Student Spotlight: Terilee Edwards-Hewitt Publishes Article In Popular Culture Studies Journal

Student Spotlight: Terilee Edwards-Hewitt Publishes Article In Popular Culture Studies Journal

Cultural Studies PhD student Terilee Edwards-Hewitt has just published an article titled "#PutYourSticksOut: Public Expressions of Grief on Twitter about the Humboldt Broncos Accident" in the new issue of the Popular Culture Studies Journal.

Terilee presented her research as part of the Cultural Studies Student Panel hosted by the Cultural Studies Organizing Committee in Spring 2020.

See below for an abstract of the article:

"On April 6, 2018, after a playoff game in the amateur Saskatchewan Junior Hockey League, a bus carrying members of the Humboldt Broncos hockey team collided with a semi-truck when the driver of the truck failed to yield at a flashing stop sign. Fourteen people on the bus died, two others critically injured died later in hospital, and thirteen were injured. While tributes occurred locally, individual performances of public grief were shared by over 30,000 Twitter users in the week after the accident, many by people who had no direct connection to the team or that region of Canada. Social media offers powerful ways to document, share, and mobilize social movements such as Black Lives Matter, Occupy, and Me Too. In addition to large, powerful movements and events, much of social media’s content is concerned with commerce or the minutiae of everyday life. A significant aspect of social media is sharing, which includes the positive and negative aspects of life (Christensen and Gotved 3).
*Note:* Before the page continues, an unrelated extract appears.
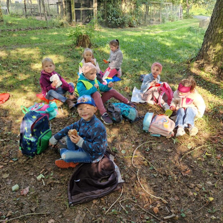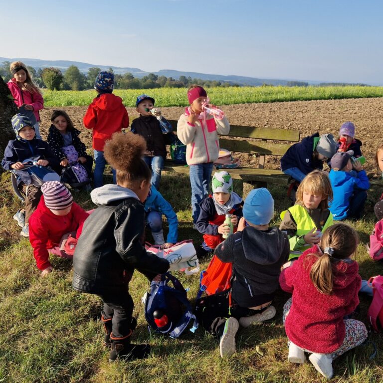 Ausgerüstet mit Rucksack, Brotzeit und guter Laune ging es los. Auch das Wetter spielte bestens mit. So marschierten wir bei strahlendem Sonnenschein auf den Wegen rund um Püchersreuth und Ilsenbach. Unser Weg führte uns vorbei an Wiesen und Feldern, durch Wälder, zu den Tieren und auch auf den schönen Spielplatz in Ilsenbach. Natürlich durfte zwischendurch eine kräftige Brotzeit nicht fehlen.

Social media allows people from around the world to associate with others who share the same interests, creating new virtual social networks of people (Sanderson and Cheong 328). This new network of online communities enables social media users to share grief with others and create new mourning rituals (Christensen and Gotved 4; Pantti and Sumiala 120)."

To read Terilee's article, please follow this link.

Terilee's previously published paper, "Immigrant Alexandria: An Ongoing Oral History Project in Alexandria, Virginia," can be found in the Journal of Urban Anthropology/Revista De Antropologie Urbana.